Deadlock in Coldfusion 8.0.1
By Aaron Foote at 4:04 in: Adobe | ColdFusionColdFusion has a deadlock that will hang the server. Simply request a WSDL and a regular CFM page at the same time in the right circumstances and bingo. The circumstance is the ColdFusion TemplateClassLoader loading classes in to memory. Classes are loaded or reload by the TemplateClassLoader on the first request of a file after the server starts, when the template cache is cleared (even if your not using the “Trusted Cache” ) or as the result of a Garbage Collection of objects in the TemplateClassLoader’s cache.
This issue was discovered while analysing a hung ColdFusion server for a client. The thread dump showed many threads stuck in the TemplateClassLoader which were waiting on a lock.
The following shows three of the threads. The two that caused the deadlock and a third that is essentially a victim – any further CFM requests to the server will fall in to this victim category.
WSDL Request – note that 0×10d69910 is locked, also that it is waiting on 0×0f970e48
CFM Request – note it is waiting to lock 0×10d69910, which is locked by the WSDL thread
Finally our victim – this thread isn’t blocked in the traditional sense. It’s waiting another thread, which has a lock on 0×0f970e48 to “notify” it
It is this victim thread that is interesting. It’s waiting for another thread to acquire a lock on 0×0f970e48 and call .notify() on the lock object. Unusually, no thread has a lock 0×0f970e48. Under normal circumstances it would be the CFM thread (above) that would obtain the lock on 0×0f970e48 and release all the “victim” threads - but it’s deadlocked so it can’t.
Not shown is the thread dump of Web Service requests that were also present. After investigation these proved to be victims of the deadlock, not contributors.

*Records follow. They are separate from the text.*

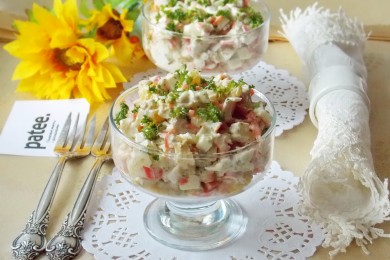 Такой салат станет прекрасным дополнением к горячему отварному картофелю на завтрак, в обед или ужин.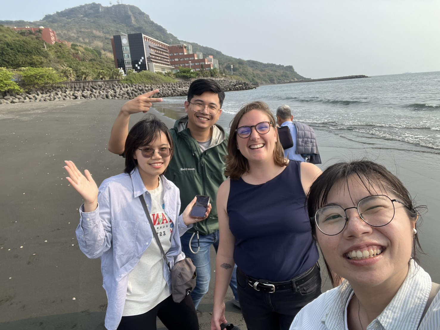 本所張晉赫教授邀請其母校美國Rice University的Center for Civic Leadership 副主任 Kelsey Ullom 至本所參訪及交流。參訪期間,Kelsey Ullom 與所上教授進行對談,在席間,本所準備了在地小吃紅豆餅以及大家都喜愛的珍珠奶茶與 Kelsey Ullom分享,希望能展現出南部特有的熱情。除了教師間的交流,後續的校園導覽也有三位政治所同學參與,透過學生的視角分享學習經驗及校園生活讓來訪貴賓得以從學生視角,更貼近地感受政治所的學習氛圍與校園文化。此外,行程中特別安排至海邊踏浪,也讓來訪貴賓親身體驗中山大學依山傍海的校園特色。最後於校園一隅輕鬆敘談,自在而溫暖的氛圍中,延續對交換學生互動、學術合作的討論。此次的參訪不僅深化了Rice University與本校的互動,也透過師生共同參與,展現出本所對國際交流與師生對話的重視,並為未來更多元且緊密的合作關係奠定基礎。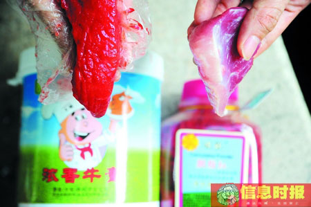 到底傳聞中的“牛肉膏”會有怎樣神奇的效果呢?記者決定親自做個實驗。按照店主所說,記者首先買來新鮮的豬肉,將其一分為二。將其中一塊豬肉先用牛肉醬腌制了3分鐘,短短幾分鐘,肉的表面已經呈現出與牛肉近似的顏色,聞起來也是十足的牛肉味。然后再調制適量的胭脂紅色素,加入已經腌制好了的豬肉,豬肉馬上實現了“華麗”變色。
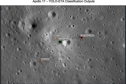 Echipa a antrenat un model de învățare automată numit YOLO-ETA pentru a detecta artefacte lunare.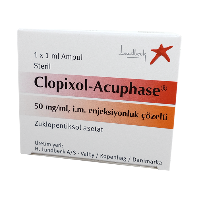 Однократная инъекция зуклопентиксола ацетата обеспечивает явное и быстрое уменьшение психотических симптомов. Продолжительность действия составляет 2-3 дня, и обычно достаточно одной или двух инъекций прежде чем пациентов можно переводить на препарат для приема внутрь или на препарат в форме депо.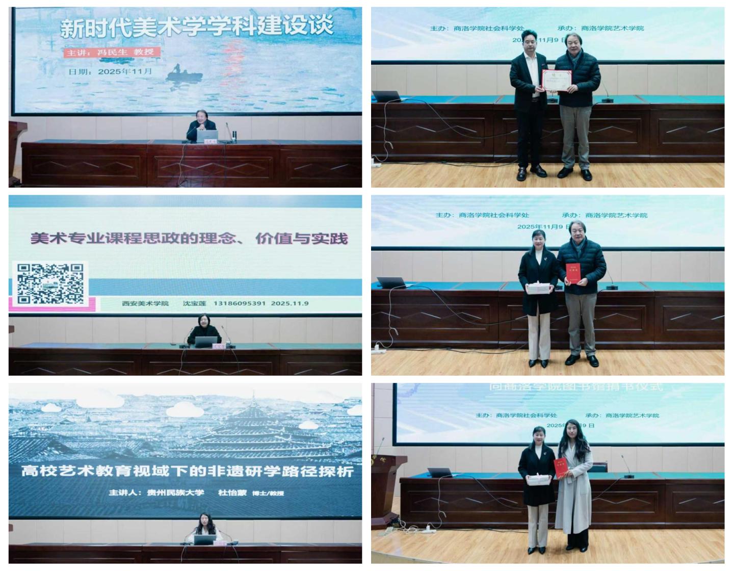 11月9日上午,陜西師范大學(xué)美術(shù)學(xué)院博士生導(dǎo)師馮民生教授、西安美術(shù)學(xué)院馬克思主義學(xué)院沈?qū)毶徑淌诤唾F州民族大學(xué)美術(shù)學(xué)院碩士生導(dǎo)師杜怡蒙教授應(yīng)邀為秦嶺學(xué)論壇作專題學(xué)術(shù)報(bào)告,圍繞秦嶺地域文化內(nèi)涵、秦嶺畫派創(chuàng)作研究、學(xué)科特色凝練、課程思政實(shí)施路徑以及非遺傳承創(chuàng)新等議題展開深入探討。藝術(shù)學(xué)院相關(guān)負(fù)責(zé)人、全體教師及美術(shù)學(xué)專業(yè)學(xué)生300余人現(xiàn)場聆聽了專家報(bào)告會。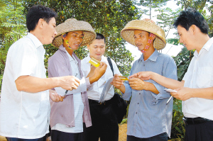 为更好地为“三农”服务,中国农业银行从2008年4月开始在全国18个省试点发行金穗惠农卡,这一新型金融产品除具备银行卡基本金融功能外,还可向持卡农户提供小额贷款、财政补贴代理等特色服务,并给予一定的金融服务收费减免优惠。 该卡在琼海刚上市立即受到群众的追捧。农行琼海市支行计划从九月开始至年底发卡7000张,但不足10天群众就认领了9000张。图为11月1日,琼海农行的员工向群众介绍惠农卡使用方法。 特约记者 蒙钟德 摄

The key insight in the problem was the realisation that a garbage collection on the permanent generation had occurred shortly before the crash. To have garbage collection details logged add the following flags to your jvm.config file -XX:+PrintGCDetails -XX:+PrintGCTimeStamps -XX:+PrintTenuringDistribution
The first step in troubleshooting this situation was to replicate the problem locally. The first attempt was to simply use JMeter to place some load on the application, requesting CFM pages, WSDL files and Web Service requests. This proved to be fruitless. In an attempt to cause a permanent generation collection, as was implicated in the server logs, I manually called the Garbage Collector while the JMeter load was running. This too was futile; I could not force a collection of the permanent generation. To monitor the various JVM memory spaces I had JProfiler running
I remembered that clearing the Template Cache caused ColdFusion to reload class files, even if you are not using the Trusted Cache feature. We can see this occurring in JProfiler – the following is a graph of the size of the permanent generation, while requesting the same CFM file and clearing the template cache. You can see that each time the template cache is cleared, the used space in the permanent generation increases. The drop at the end is a Garbage Collection – this shows that the TemplateClassLoader is releasing classes from the permanent generation allowing them to be collected.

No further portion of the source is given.